The best mode of prevention for Listeria is a rigorous sanitation routine, paying attention to drains and anywhere with excessive moisture build up.
Bailey said that while Listeria was an issue in processed meats in the 1980s and 1990s, it can really pop up in a number of places such as leafy greens, ice cream, frozen vegetables, hummus and, most recently, an outbreak earlier this year involving El Abuelito Cheese.
[Listeria] gets endemic in a plant if you’re not careful.” Stan Bailey, Senior Director of Scientific Affairs, bioMérieux
“It gets endemic in a plant if you’re not careful,” Bailey said.
As far as testing, Sutzko said it’s not going to be hard to find Listeria if water is used in your facility.
“If you do environmental monitoring and sample the right places, you find Listeria,” she said. “Whenever water is used in a facility to clean and sanitize, you’re always going to have Listeria there. So, it’s really a constant battle to keep that Listeria out.”
She said it’s important to have a robust sampling plan, look in the right places, have proper sanitation and sanitary equipment that’s easy to disassemble and clean every nook and cranny.
Sutzko also said that Listeria is very tolerant.
“It gets into a facility and forms what’s called a biofilm,” she said. “It forms this kind of micro-environment on itself, and if it’s not discovered, then it’s going to take more than just dumping some sanitizer on it to kill it.”
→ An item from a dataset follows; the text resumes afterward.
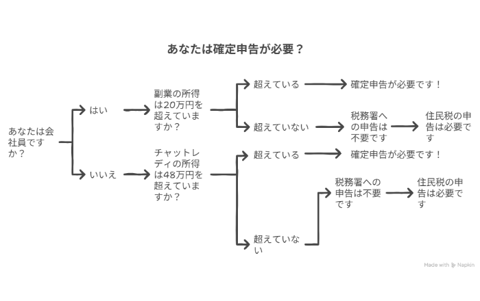 他に仕事をしておらず、チャットレディ一本で生活している「専業」の方の場合、年間の所得が48万円を超えたら確定申告が必要です。

Also, unlike E. coli and Salmonella, Listeria is a slow grower, so it could have a long lag time from when it gets into a plant until it starts showing up in testing. To help in earlier identification, rotate your sampling sites and track where positives are found, then use mapping software to analyze the situation.
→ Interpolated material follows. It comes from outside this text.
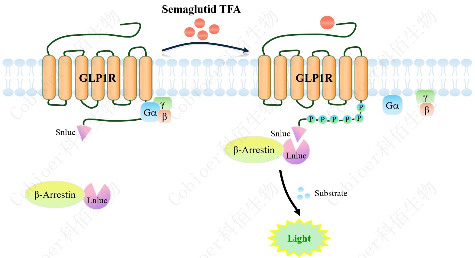 GLP1R β-Arrestin CHO 報告基因藥靶模型很好的模擬了體內(nèi) GLP1R/β-Arrestin 的信號 轉(zhuǎn)導(dǎo)過程,原理見圖 2 所示。當缺乏配體刺激時,β-Arrestin 不與 GLP1R 結(jié)合,融合β- Arrestin 的熒光素酶處于失活構(gòu)象,當 GLP1R 遭遇配體刺激時,融合熒光素酶報告基因的 β-Arrestin 被招募,使熒光素酶報告基因處于激活狀態(tài),加入其底物后發(fā)光信號增強。 Figure 1. GLP1R β-Arrestin CHO 細胞模型原理圖

Sutzko recalls one company that had Listeria constantly popping up in one spot in a plant. They’d clean it, come back and test the spot later, and get a positive again. What they didn’t know was there was a leak in the roof leading to moisture getting in.
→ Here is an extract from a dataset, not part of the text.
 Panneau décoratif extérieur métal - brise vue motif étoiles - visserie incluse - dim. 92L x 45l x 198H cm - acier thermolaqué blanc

“When they put it in a 3D mapping software, they were like, “that explains it!” she said. “Find the source, and then treat that and sanitize it.”
Historically, Salmonella has been a concern in raw meats, where it’s been more of a contaminant. The idea here is to monitor incoming live animals such as chickens and try to decrease the load of it coming into a plant.
“In the meat industry, it’s really about process controls, and do their interventions help to reduce the load of Salmonella coming out,” Sutzko said. “USDA has been under a lot of scrutiny because they had their Healthy People 2020 goal to reduce Salmonella incidents over 10 years, and basically it has stayed almost the same. There’s kind of a push from these consumer advocate groups and things like that for the USDA to do something different to try to really reduce the levels of Salmonella.”
When it comes to processed foods, Salmonella is a concern in dry-food facilities, especially coming in on ingredients.
“We’ve seen Salmonella in nonfat dry milk, in black pepper,” Sutzko said. “Things that are being used as ingredients for all different kinds of products.”
Of all the pathogens associated with foodborne illness, she also said Salmonella is the most challenging.
“There are over 2,600 [serotypes of] Salmonella, which can get into food and make people sick,” Sutzko said. “They’re all different, and Salmonella is very adaptable.”
She said it can survive in a processing facility for many years, citing the 2009 peanut butter outbreak as an example.
“They had Salmonella all over that plant,” Sutzko said. “In ready-to-eat and processed foods, it’s all or nothing because they don’t want to have any Salmonella in there.”
On the detection side, Thevenet advised making sure you’re sampling using the right techniques (and this goes for any pathogen), such as using the right sponge or swab for the job, to make sure you’re properly collecting the samples to begin with.
“If you can’t actually collect the sample that has the pathogen, you have no chance of detecting it,” he said.